PacBio HiFi Reads: ‘Most Effective Stand-Alone Technology for de Novo Assembly’
Monday, August 12, 2019
UPDATE: The article is now published in the Annals of Human Genetics.
A new preprint evaluates the utility of PacBio HiFi reads for assembly of a human genome. The study is a follow-up to a recent publication in Nature Biotechnology that introduced a technique to generate sequencing reads with both long read length and high accuracy.
“Improved assembly and variant detection of a haploid human genome using single-molecule, high-fidelity long reads” comes from lead authors Mitchell Vollger and Glennis Logsdon, senior author Evan Eichler, and collaborators at the University of Washington, PacBio, and other research institutes. For this project, they focused on sequencing a hydatidiform mole human cell line (CHM13), a useful model system because it is haploid unlike typical diploid human cells. “We compared the accuracy, continuity, and gene annotation of genome assemblies generated from either high-fidelity (HiFi) or continuous long-read (CLR) datasets,” the scientists write.

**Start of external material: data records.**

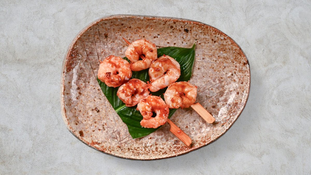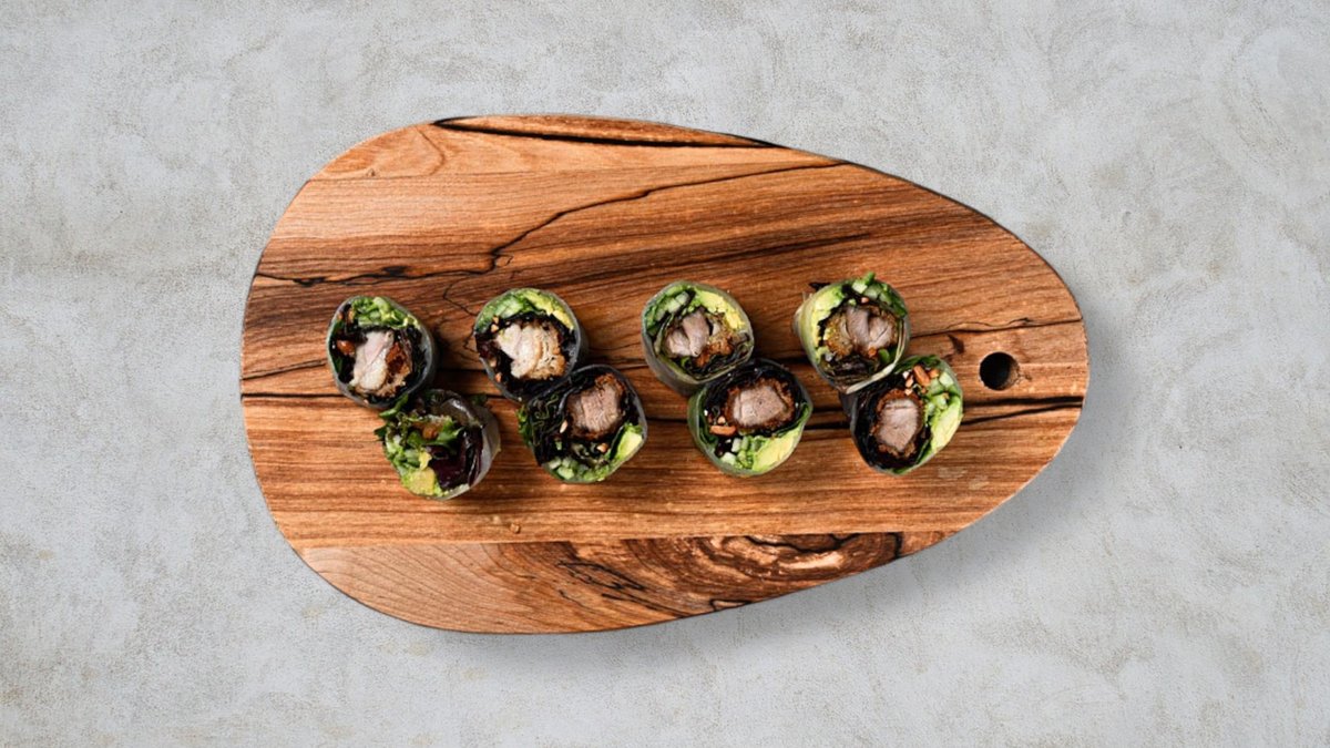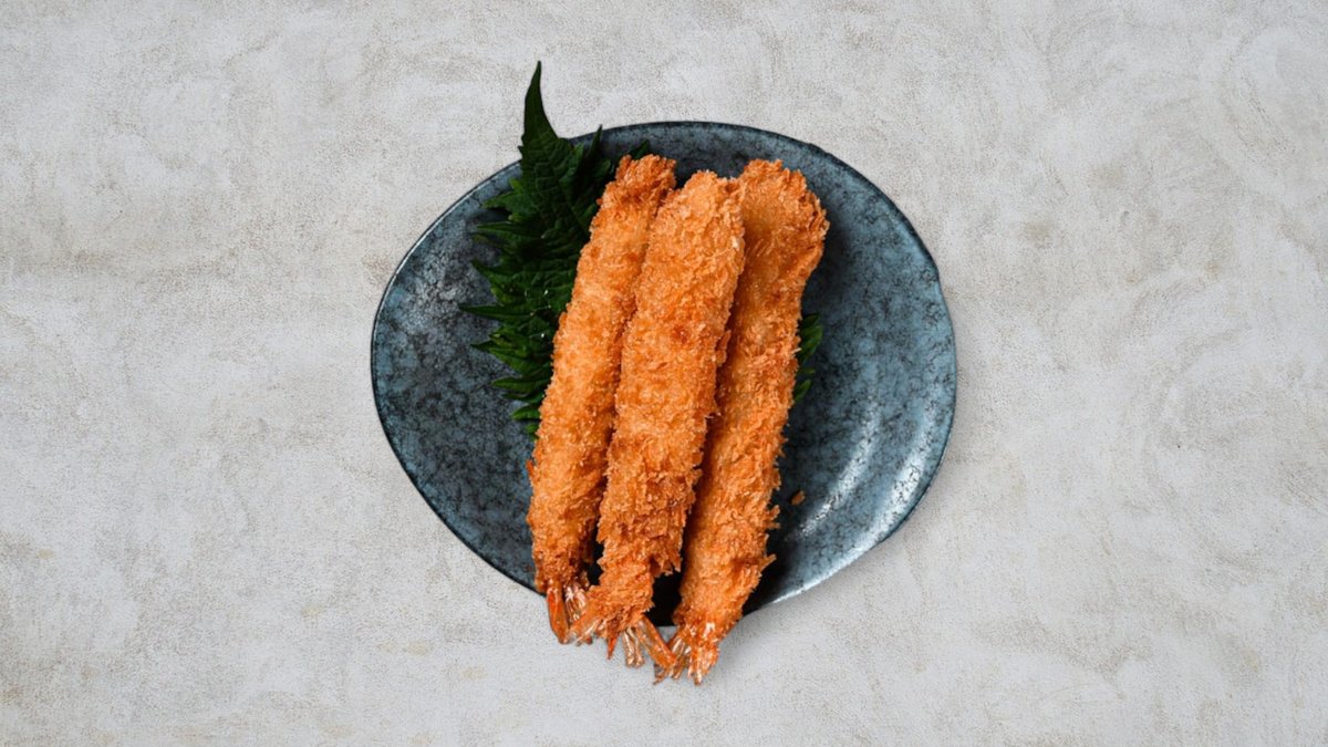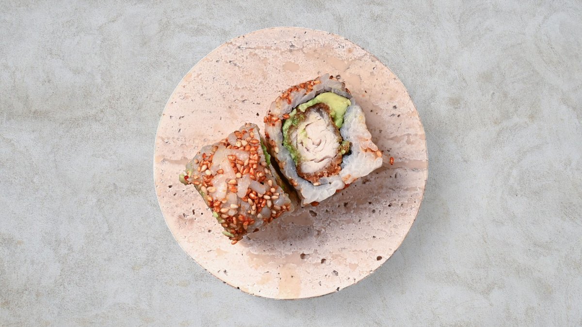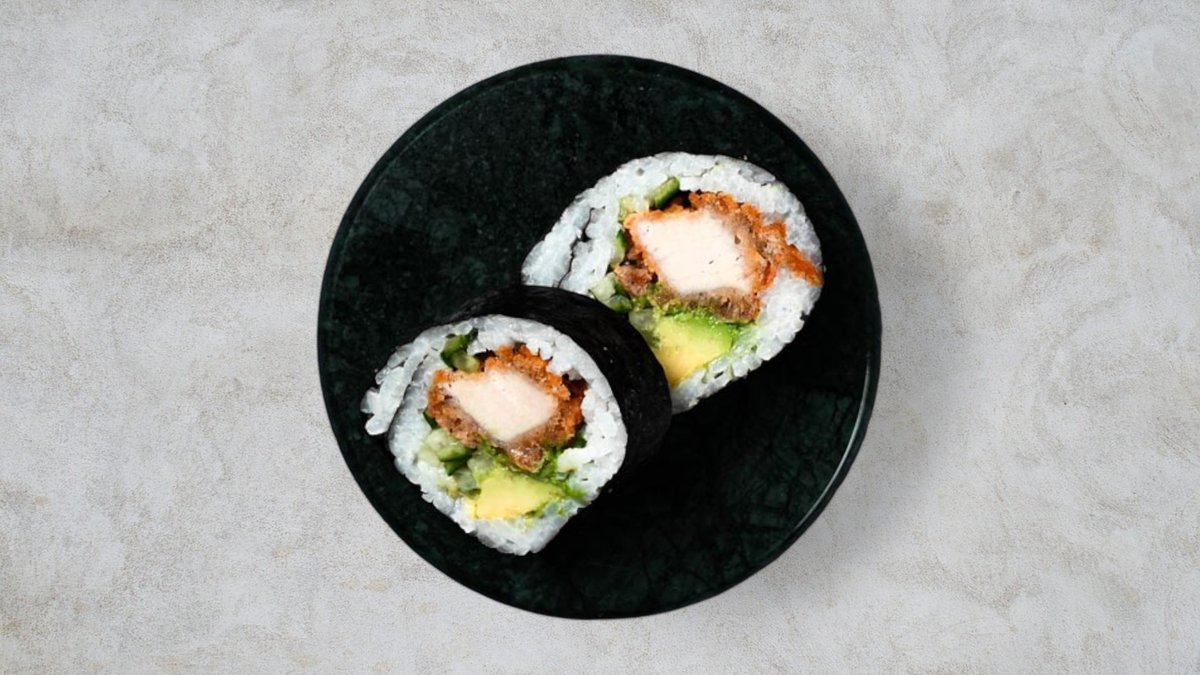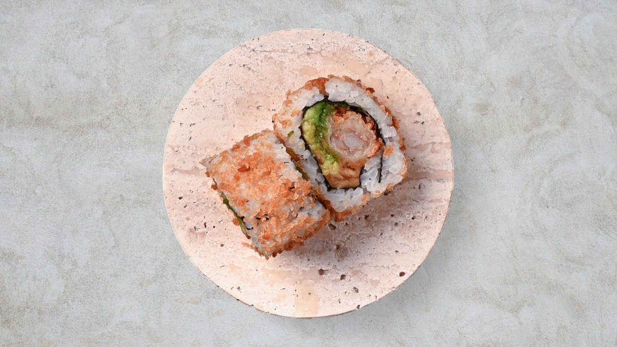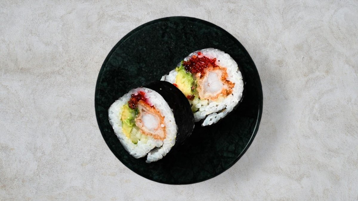 Indbagt crispy tigerreje, avocado og agurk med teriyaki.
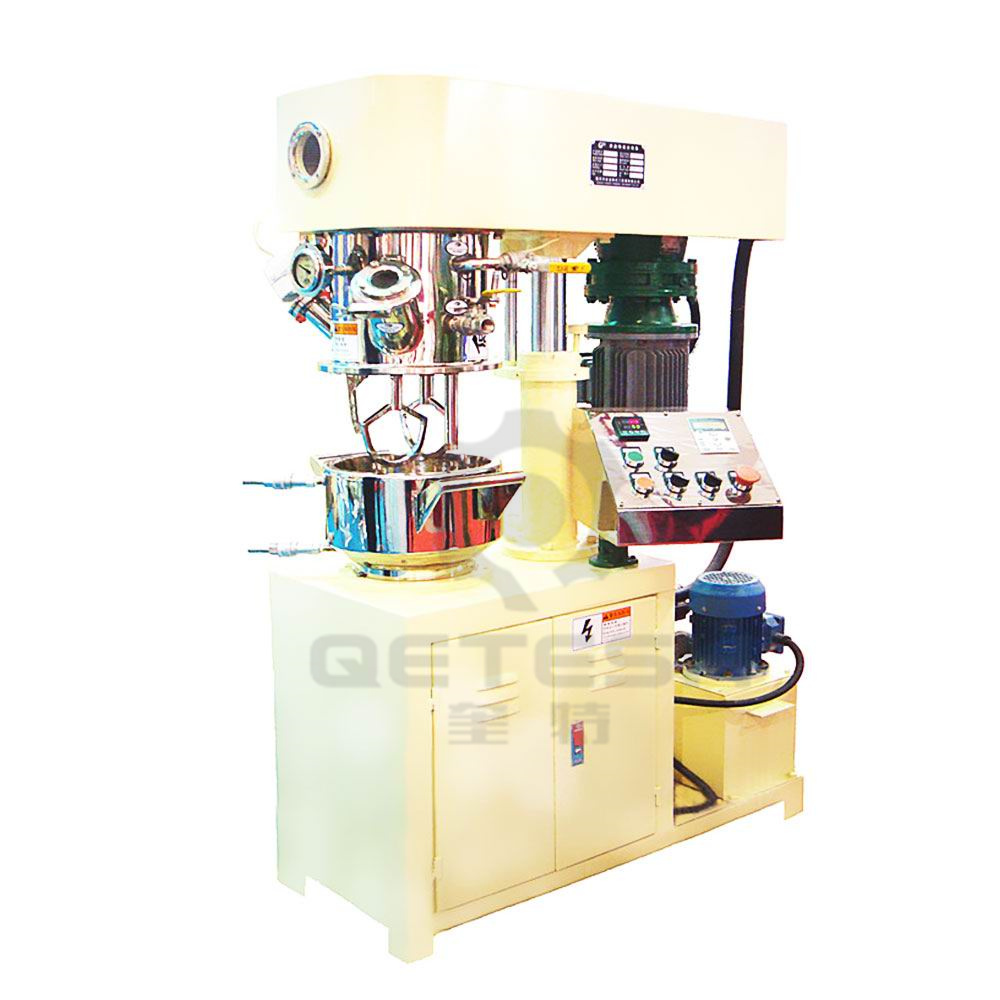 雙行星混合機的攪拌槳葉,在公轉的同時(shí)也自轉,使罐體內物料上下及四周循環(huán)運動(dòng),從而可在很短時(shí)間內達到混合(混煉)效果。罐體內壁為大型立車(chē)精加工,再經(jīng)大型拋光機自動(dòng)拋光,確保行星箱上的活動(dòng)刮刀在旋轉時(shí),把罐體內壁上的物料完全刮掉。該機特別適合從粉體到高黏度、高密度的物料溶解、混合、混煉、反應工藝。廣泛應用于電池、有機硅膠、油墨、染料、粘膠劑、高粘度涂料等化工產(chǎn)品。
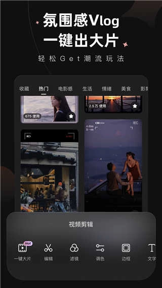 高级质感的人像大片、温柔情绪的Vlog、潮流炫酷的视频玩法,一键即可掌握,开启视频剪辑新体验
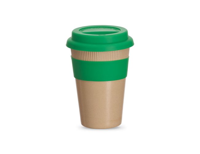 Copo em fibra de bambu com pegador e tampa em silicone, capacidade 450ml.
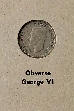 It consists of a strip of cardboard, typically measuring 11 inches wide by 14 inches tall, with holes punched into it the size of the particular coins. A face paper having the same hole pattern carries the appropriate text and graphics. This typically consists of dates and mintmarks printed beneath each opening, sometimes with the addition of the number of pieces coined for that issue. A bold title for the coin series will appear at the top of the board, and the bottom of the face will have publication and copyright information. On some coin boards the bottom of the face will also provide some historical and technical information about the coin series, as well as misguided instructions for cleaning coins. On the most common coin boards, those published by Whitman, this information was later moved to the back of the board, and this is more typical for other publishers, too.[1]
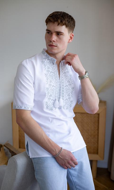 Красива чоловіча вишита сорочка класичного покрою з коротким рукавами і з коміром-стійкою. ‼️Наявність розміру уточнюйте. Якщо сорочки необхідного розміру немає в наявності, ми з радістю виготовимо її для Вас. ❗❗❗ Сірий візерунок вишитий машинною вишивкою по основі вишиванки спереду, на комірі і на манжетах. Тканина сорочки - домоткане полотно Розміри 42-62 Від 54 р +200 грн від 60 +300 грн
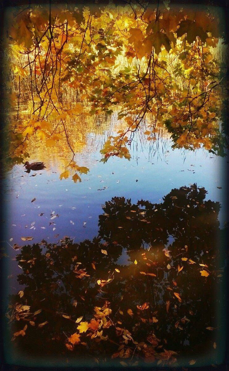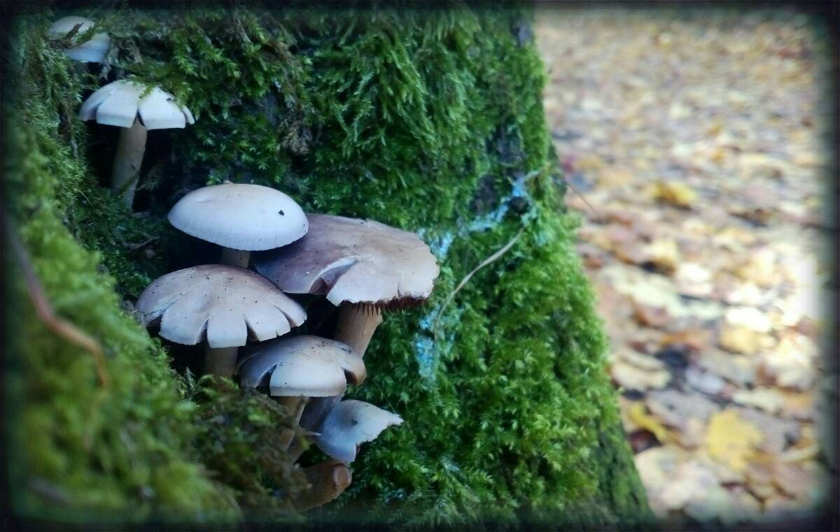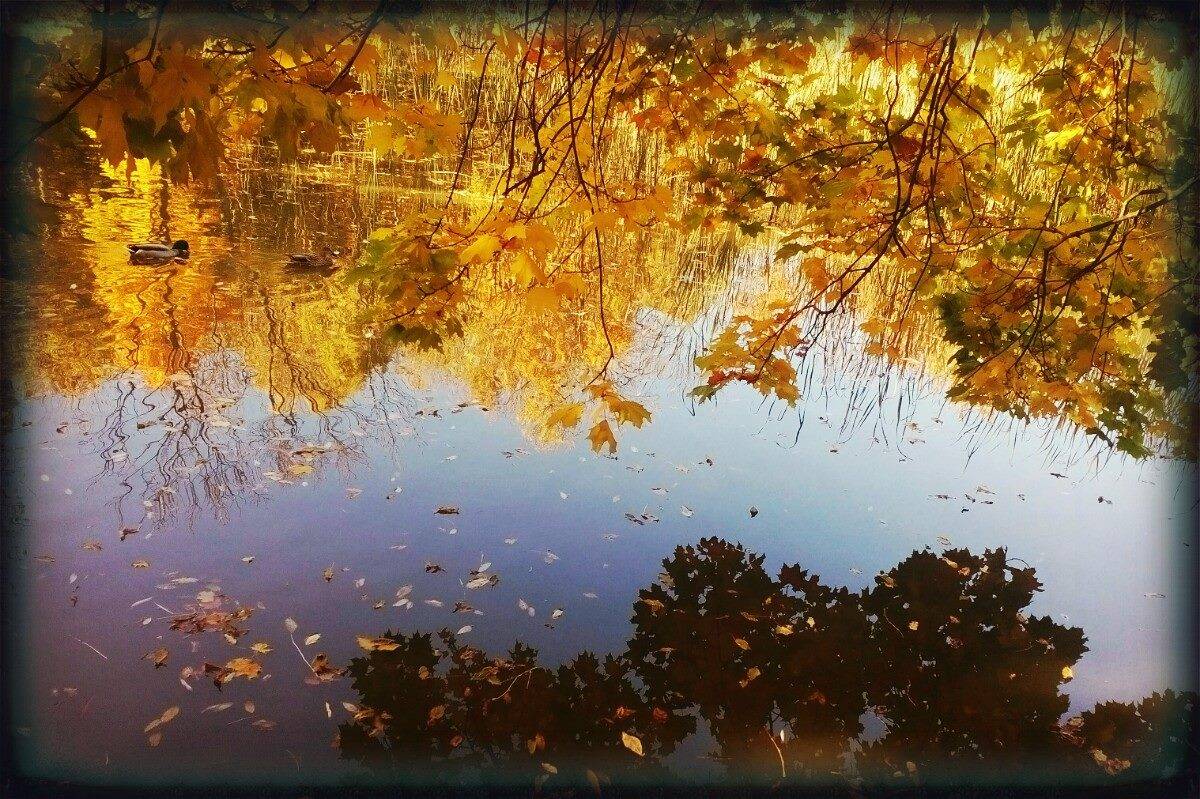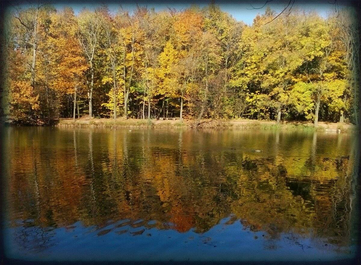 Cestou jsme potkávaly houbičky, plody lesa ukryté v mechu, strom s otvorem asi pro bytosti lesa, hladina rybníku byla pozlacena od zbarveného listí.

The team generated 24-fold coverage of CHM13, the same sample used to produce a previous assembly with CLR data. They employed the Sequel II System, producing an average of 19.1 Gb of HiFi reads with each SMRT Cell 8M. The HiFi and CLR assemblies had similar contiguity: contig N50 of 29.5 Mb for HiFi and 29.3 Mb for CLR. The HiFi assembly was much more accurate, with an estimated Phred quality value of Q45, compared to Q40 for the CLR assembly. Further, the authors note that, due to divergence in BAC clones used to measure accuracy, the quality value for the HiFi assembly is “a lower bound of the true QV.”
Next, the scientists performed an analysis of segmental duplications (SDs), which are notoriously challenging elements to assemble correctly. The HiFi assembly resolved more of these duplications than the CLR assembly. “HiFi sequence data assemble an additional 10% of duplicated regions and more accurately represent the structure of large tandem repeats, as validated with orthogonal analyses… This is the highest fraction of resolved SDs for any of the published assemblies analyzed thus far,” they report.
“We conclude that there are three essential strengths of the HiFi technology over CLR technology,” the authors conclude, citing reduced compute time to generate a de novo assembly, superior assembly accuracy, and improved ability to assemble the most difficult regions of the genome. “Our results suggest that HiFi may currently be the most effective stand-alone technology for de novo assembly of human genomes.”